As I’ve previously written about, the Animation Compression Library measures the error introduced through compression by approximating the skinning deformation typically done with a graphical mesh. To do so, we define a rigid shell around each joint: a sphere. It is a crude approximation, but the method is otherwise very flexible, and any other shape could be used: a box, convex, etc. This rigid shell is then transformed using its joint transform at every point in time (provided as input through an animation clip). Using only individual joints, this process works in local space of the joint (local space) as transforms are relative to their parent joint in the skeleton hierarchy. When a joint chain that includes the root joint is used, the process works in local space of the object (or object space). While local space only accounts for a single transform (the joint’s), in object space we can account for any number of joints, it depends entirely on the topology of the joint hierarchy. As a result of these extra joints, measuring the error in object space is slower than in local space. Nevertheless, this method is very simple to implement and tune since the resulting error is a 3D displacement between the raw rigid shell and the lossy rigid shell undergoing compression.
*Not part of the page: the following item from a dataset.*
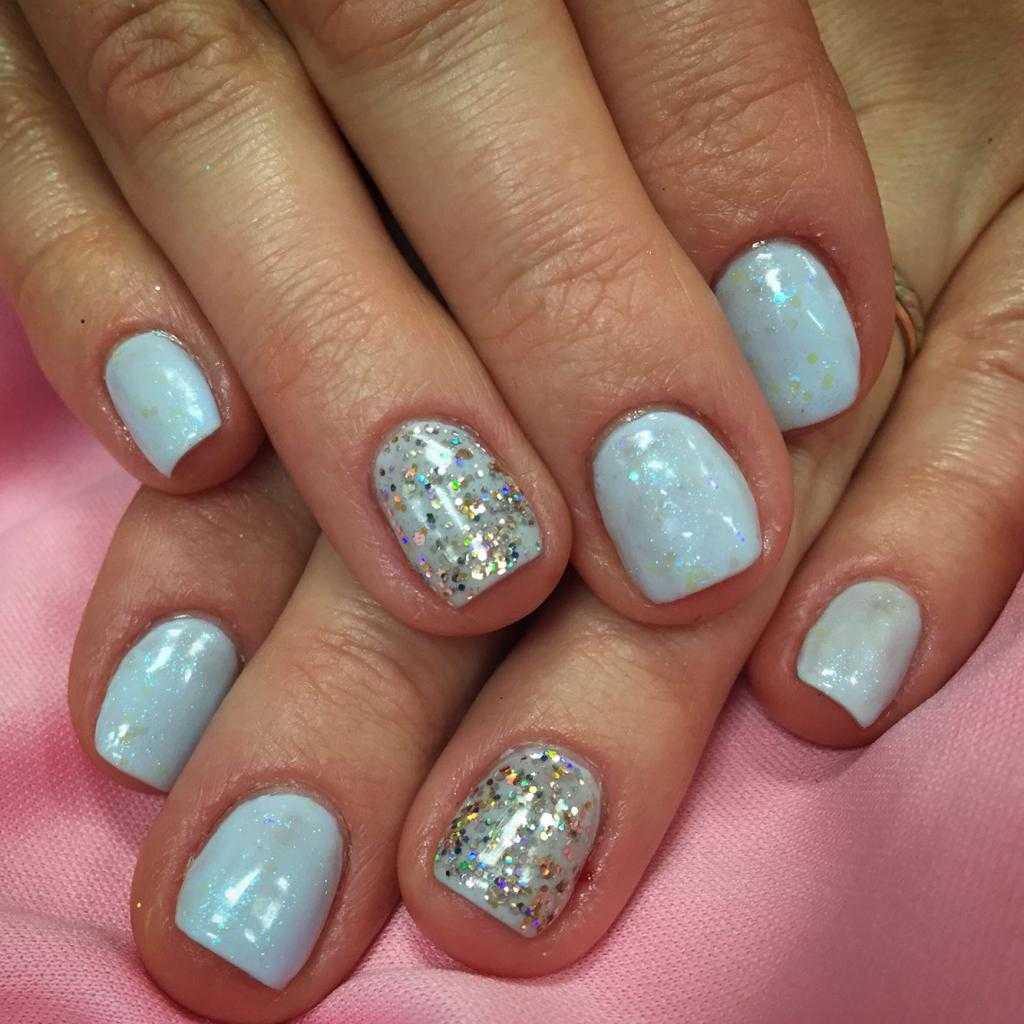 Такой маникюр подчеркнет женственность и не будет выглядеть типично. Блестки здесь станут изюминкой.

ACL leverages this technique and uses it in two ways when optimizing the quantization bit rates (e.g finding how many bits to use for each joint transform).

First, for each joint, we proceed to find the lowest bit rate that meets our specified precision requirement (user provided, per joint). To do so, a pre-generated list of permutations is hardcoded of all possible bit rate combinations for a joint’s rotation, translation, and scale. That list is sorted by total transform size. We then simply iterate on that list in order, testing everything until we meet our precision target. We start with the most lossy bit rates and work our way up, adding more precision as we go along. This is an exhaustive search and to keep it fast, we do this processing in local space of each joint. Once this first pass is done, each joint has an approximate answer for its ideal bit rate. A joint may end up needing more precision to account for object space error (since error accumulates down the joint hierarchy), but it will never need less precision. This thus puts a lower bound on our compressed size.

Second, for each joint chain, we check the error in object space and try multiple permutations by slowly increasing the bit rate on various joints in the chain. This process is much slower and is controlled through the compression level setting which allows a user to tune how much time should be spent by ACL when attempting to optimize for size. Because the first pass only found an approximate answer in local space, this second pass is very important as it enforces our precision requirements in object space by accounting for the full joint hierarchy. Despite aggressive caching, unrolling, and many optimizations, this is by far the slowest part during compression.

This algorithm was implemented years ago, and it works great. But ever since I wrote it, I’ve been thinking of ways to improve it. After all, while it finds a local minimum, there is no guarantee that it is the true global minima which would yield the optimal compressed size. I’ve so far failed to come up with a way to find that optimal minima, but I’ve gotten one step closer!

To the drawing board

Why do we have two passes?

The second pass, in object space, is necessary because it is the one that accounts for the true error as it accumulates throughout the joint hierarchy. However, it is very hard to properly direct because the search space is huge. We need to try multiple bit rate permutations on multiple joint permutations within a chain. How do we pick which bit rate permutations to try? How do we pick which joint permutations to try? If we increase the bit rate towards the root of the hierarchy, we add precision that will improve every child that follows but there is no guarantee that even if we push it to retain full precision that we’ll be able to meet our precision requirements (some clips are exotic). This pass is thus trying to stumble to an acceptable solution and if it fails after spending a tunable amount of time, we give up and bump the bit rates of every joint in the chain as high as we need one by one, greedily. This is far from optimal…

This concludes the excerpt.